Skills provide the platform's analytical capabilities as portable workflows that work across any MCP-compatible environment. They auto-detect the best execution path: MCP tools (if gateway is connected) → AWS CLI (if available) → delegate to coding agent.
| Skill | Invoke with | What it does |
|---|---|---|
/developer-guide |
"how do I add an agent?" | Interactive guide for extending the platform |
/resilience-report |
"generate a DX resilience report" | Self-contained HTML with topology + assessment |
/finops-analysis |
"what are my top costs?" | Cost breakdown, trends, forecasts, savings |
/health-events-digest |
"any critical health events?" | Health event digest with risk scoring |
/tag-governance-assessment |
"how's my tag compliance?" | Tag compliance scoring + remediation links |
Skills are invoked by typing /skill-name in Claude Code or Kiro. Each skill auto-detects the best execution path:
| Path | When | What you need |
|---|---|---|
| MCP tools (fastest) | Gateway is connected to your IDE | DEPLOY_MODE=gateway-only deployed + gateway endpoint in MCP config |
| AWS CLI | Working locally with credentials | AWS CLI v2 + active credentials (aws sts get-caller-identity works) |
| Delegate | Sandboxed environment | Coding agent (Kiro) enabled in host capabilities |
For the MCP tool path (recommended — handles cross-account, pre-enriched data):
# 1. Deploy the gateway + Lambda tools only (no agents, no frontend)

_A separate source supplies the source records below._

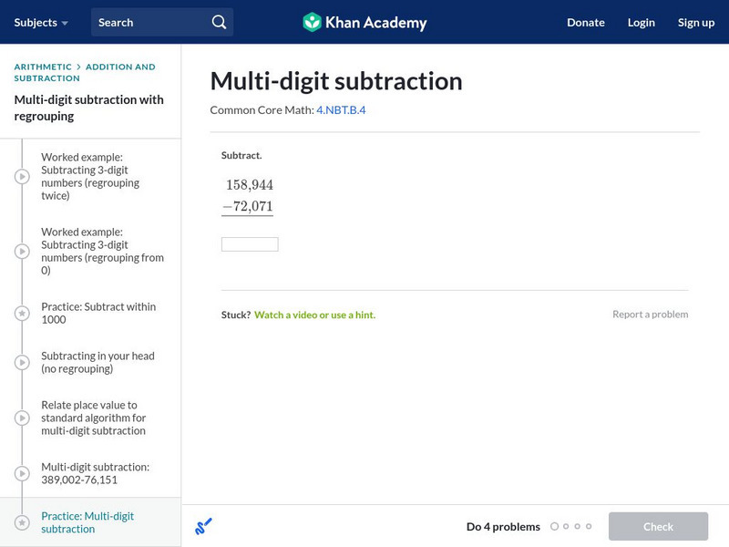 Subtract with 2 numbers less than 1000. Students receive immediate feedback and have the opportunity to try questions repeatedly, watch a video or receive hints.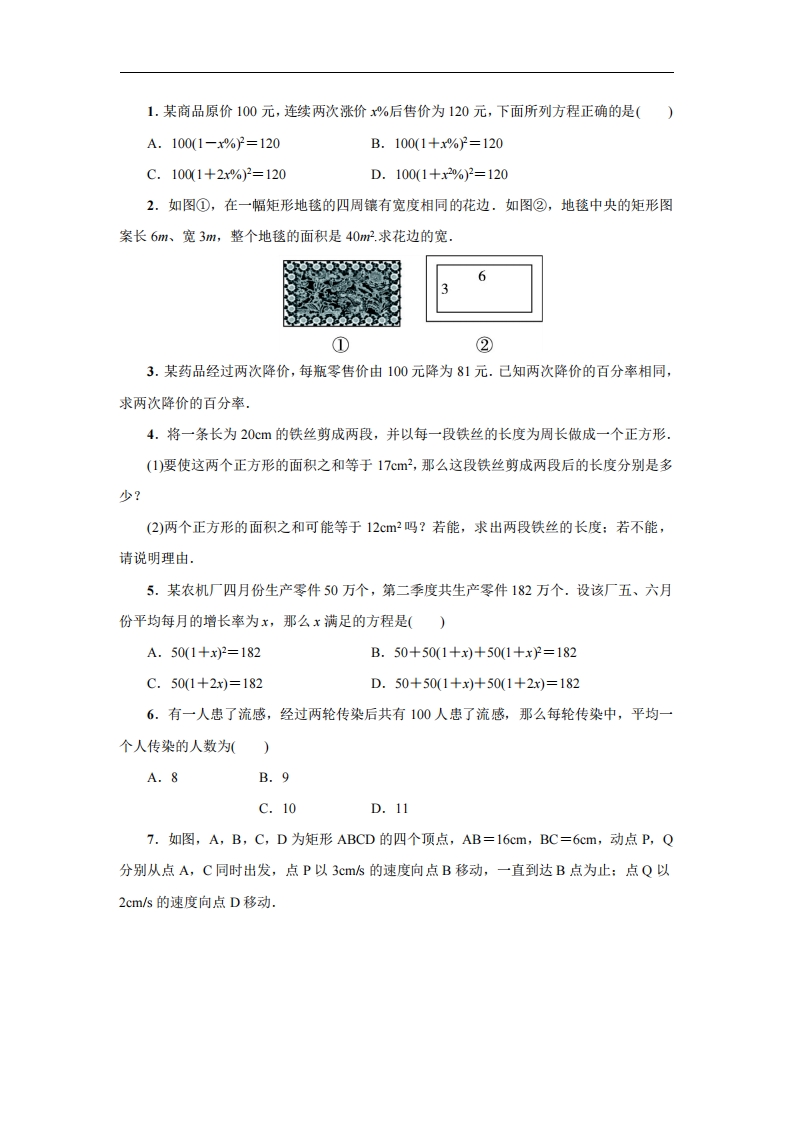 首页九年级数学上册九年级(上)数学第24章专题练习4 一元二次方程的应用(冀教版)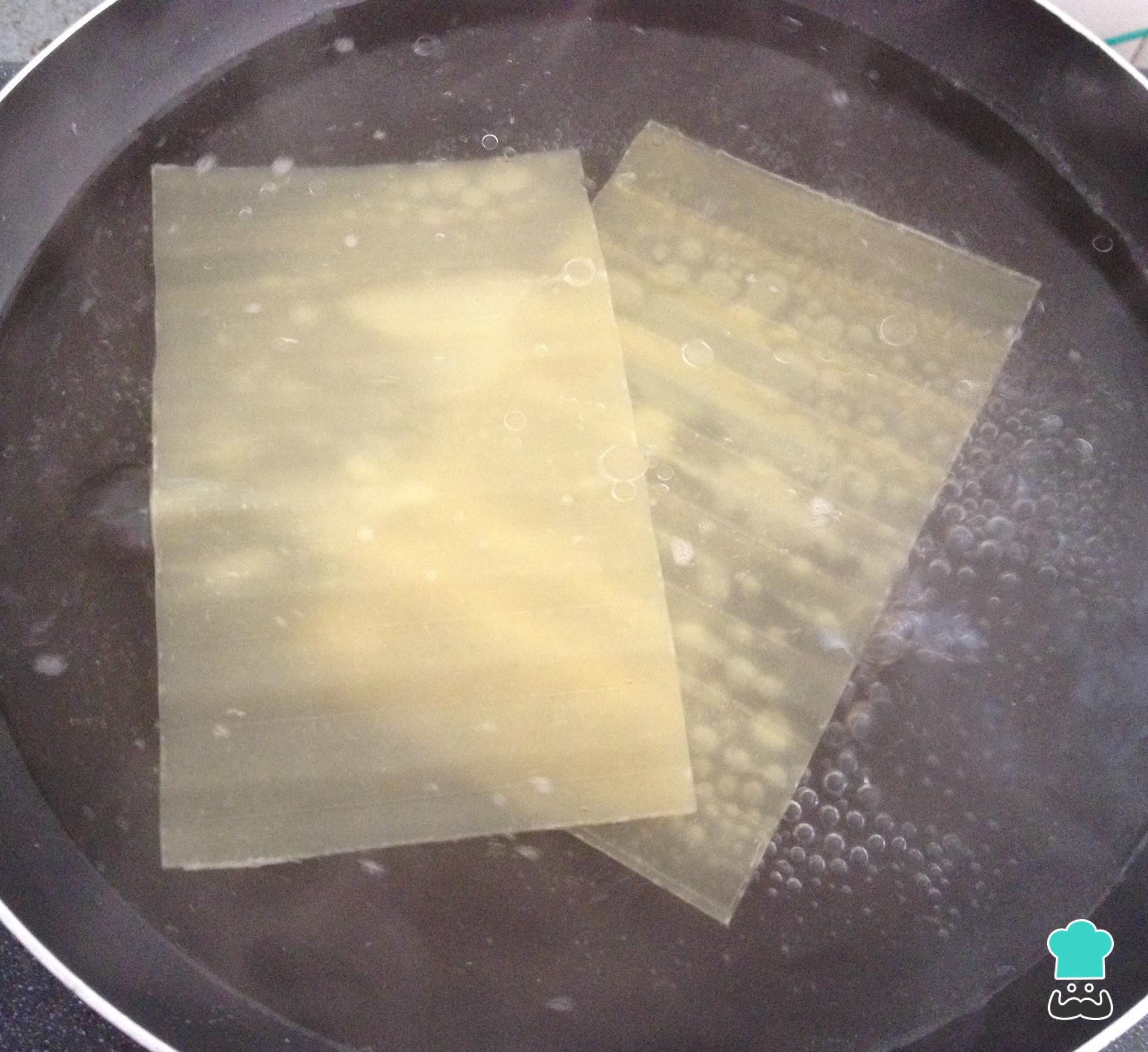Em uma frigideira com água fervente cozinhe o macarrão de lasanha durante 1 minuto, para que o possa modelar facilmente.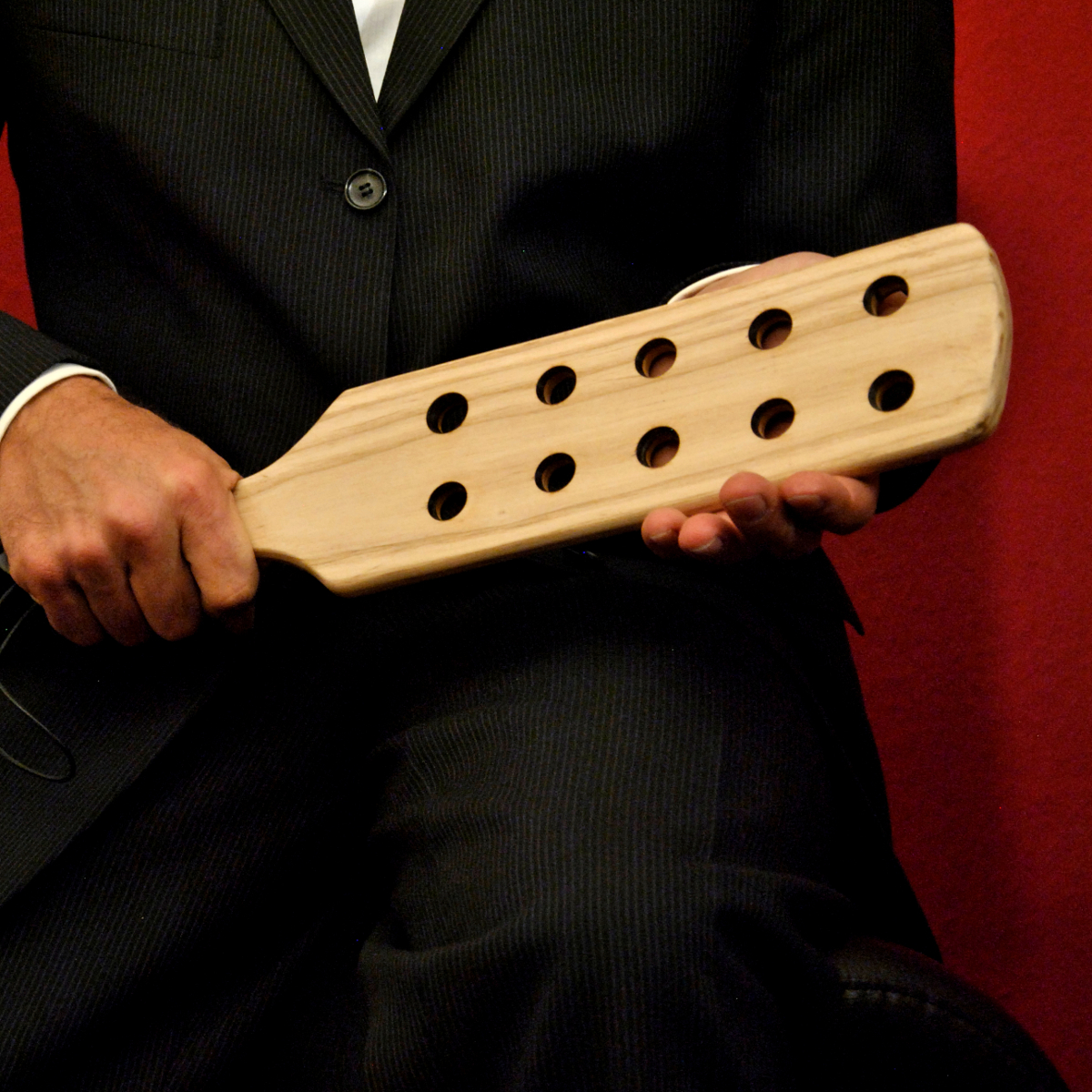 Dies ist unser größtes Holzpaddel. Mit einer Schlagfläche von ca. 29 x 10 Zentimetern eignet es sich typischerweise für fülligere Hinterteile, ein zierlicher Hintern könnte durchaus überfordert werden.

DEPLOY_MODE=gateway-only make deploy-auto
# 2. Get the gateway endpoint
terraform -chdir=terraform output gateway_endpoint
# 3. Add to your IDE's MCP config
# Claude Code: .mcp.json at project root
# Kiro: Settings → MCP Servers
Once connected, skills detect the tools automatically and skip the CLI/delegate paths.
This sample includes foundational security controls (SigV4 inter-agent auth, Cognito JWT, IAM least-privilege, tenant isolation, output redaction, Bedrock Guardrails). For production deployments, consider the following additional hardening:
| Area | Recommendation |
|---|---|
| Network isolation | Place Lambda functions in a VPC with VPC endpoints for DynamoDB, Bedrock, SSM, and STS. Remove public internet paths for data-plane traffic. |
| Web Application Firewall | Enable AWS WAF on the CloudFront distribution with managed rule groups (AWSManagedRulesCommonRuleSet, AWSManagedRulesKnownBadInputsRuleSet) and rate-limiting rules. |
| Container scanning | Enable ECR scan-on-push and integrate vulnerability findings into the build pipeline. Block deployment of images with Critical/High CVEs. |
| Threat detection | Enable Amazon GuardDuty for runtime threat detection on IAM credential abuse, container anomalies, and DNS exfiltration. |
| Key management | Rotate KMS customer-managed keys annually. Use separate keys per data classification tier. |
| Rate limiting | Add per-user throttling at API Gateway (token bucket) and Bedrock inference quota management. |
| Audit logging | Enable CloudTrail Data Events for DynamoDB and S3 to capture item-level access. Retain audit logs for 365 days minimum. |
| Incident response | Develop IR playbooks for AI-specific incidents (prompt injection, memory poisoning, model abuse). |
This project is licensed under the MIT-0 License. See the LICENSE file.